Guy Fawkes

Remember, Remember...

01.11.2013 - Suhaib Butt

Mit folgenden Worten wird an die Verschwörung von Guy Fawkes gegen das englische Königshaus erinnert: Remember, remember the fifth of November ...gunpowder, treason and plot, I know of no reason why gunpowder treason should ever be forgot.

Im Jahre 1605 hatte Fawkes am fünften November eine Zerstörung des Parlaments mit Hilfe von zwei Tonnen Sprengstoff geplant, welche noch im letzten Moment vereitelt werden konnte. Mit dem Erfolg von "V wie Vendetta", einem Hollywoodfilm aus dem Jahre 2006, ist die sogenannte "Guy Fawkes-Maske" zu einem Symbol des politischen Ungehorsams geworden.

 

Vor diesem Hintergrund ist nämlich am 5. November in Washington ein stiller Protest mit einer Millionen Teilnehmern geplant, wobei die Teilnehmer eben diese Maske tragen werden. Ziel dieser Demonstration ist lediglich die Regierung daran zu erinnern, dass die Macht beim Volk liegt und nicht im Weißen Haus.

 

Die Briten selbst halten nichts von der Romantisierung von Guy Fawkes. In Gestalt einer Puppe wird er dort jedes Jahr zum 5. November anlässlich des "Bonfire Night" verbrannt. Dort gilt er auch heute noch als das, was er auch im Jahre 1605 war: Ein Terrorist. Guy Fawkes, einem bekennenden Katholiken passte es nämlich nicht, dass der König ein Anglikaner war.

 

Ist der Begriff "Terrorismus" also nicht absolut; sprich: universell und zeitlos? Wer oder was ist dann eigentlich genau ein "Terrorist"? Der Duden definiert „Terrorismus“ wie folgt: "Einstellung und Verhaltensweise, die darauf abzielt, [politische] Ziele durch Terror durchzusetzen."

 

Die Geschwister Scholl waren aus Sicht des damaligen Regimes "Terrorchefs". Erst als der Nationalsozialismus sein Ende fand, wurden sie nachträglich als "Widerstandskämpfer" bezeichnet. Der Reichstagsbrand im Jahre 1933, bei dem bis heute nicht eindeutig geklärt ist, ob er von den Nazis selbst oder doch von einem Terroristen gestiftet wurde, wurde von der damaligen Regierung ausgenutzt um Grundrechte außer Kraft zu setzen das Volk gegen politische Feinde - „Terroristen“- zu mobilisieren.

 

Also hängt die Nutzung des „Terrorismus"-Etiketts vielleicht von der Sichtweise der jeweiligen Regierung ab? Machen wir einen Sprung in die gegenwärtige Zeit. Das Paradebeispiel eines Terroristen wäre wohl Osama Bin Laden. Das er, trotz seiner Ähnlichkeit mit dem Weihnachtsmann, ein Terrorist war, wird wohl kaum einer abstreiten. Jedoch stellt sich einem die Frage:


Ab wann war er ein Terrorist? War er schon ein Terrorist, als er, wie unter Anderem die BBC berichtete, für - und finanziert durch - die USA, in den 90ern seine „Gotteskrieger“ für die Al-Qaida anheuerte und ausbildete um gegen die Sowjetunion zu kämpfen?

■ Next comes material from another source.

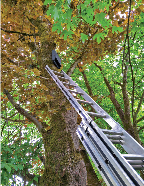
Vier bis fünf Meter hoch aufgehängt bietet ein Flachkasten Fledermäusen ein sicheres Quartier.

Es können mehrere Kästen in kleinen Gruppen am Gebäude oder an Bäumen montiert werden. Dabei sollten Sie diese am besten in verschiedene Himmelsrichtungen ausrichten.

Wenn nicht in den 90ern, war Osama bin Laden ein Terrorist, als er, laut Angaben die einer französischen Zeitschrift vorlagen, auf seinem Krankenbett in einem amerikanischen Krankenhaus von einem CIA-Agenten und dem Chef des saudischen Geheimdienstes besucht wurde? Nur wenige Monate vor den Anschlägen vom 11. September? Natürlich könnte man den Wahrheitsgehalt dieser Quelle anzweifeln. Gewissheit darüber hätte nur eines verschaffen können: Die Aussage des Hauptangeklagten.


Hätten die US-Elite Truppen ihn nicht einfach festnehmen können anstatt ihn beim Schlaf zu überraschen und zu töten, um ihn selbst zu fragen, ob und ab wann er sich als Terroristen sah? Hätte ein Gerichtsprozess, den jeder Verbrecher verdient hat, nicht viel mehr Fragen beantwortet, als ein illegal ausgeführter Mord aus heiterem Himmel.


Hätte es uns außerdem nicht alle interessiert, wie er seine Anschläge auf eine solch beeindruckende Weise reibungslos umsetzen konnte? Wie er es geschafft hat, die komplette amerikanische Luftabwehr für mehrere Stunden auszuschalten, sodass er über den ganzen Mittag verteilt, gleich vier Flugzeuge nacheinander entführen und alle paar Stunden in ein Gebäude fliegen lassen konnte? Bestand nicht die Möglichkeit, dass er einen Komplizen bei der amerikanischen Luftabwehr hatte? Wer weiß. Außerdem hätte er als Terrorchef doch alle wichtigen Hintermänner benennen können. Für die Sicherheit der USA und der ganzen Welt wäre das doch von Relevanz gewesen. - Und mal ganz ehrlich, für eine Live-Übertragung eines solchen Gerichtsprozesses hätten wir sogar auf das Mittagsprogramm von RTL verzichtet. - Stattdessen liegen alle Antworten mit ihm im Arabischen Meer verborgen.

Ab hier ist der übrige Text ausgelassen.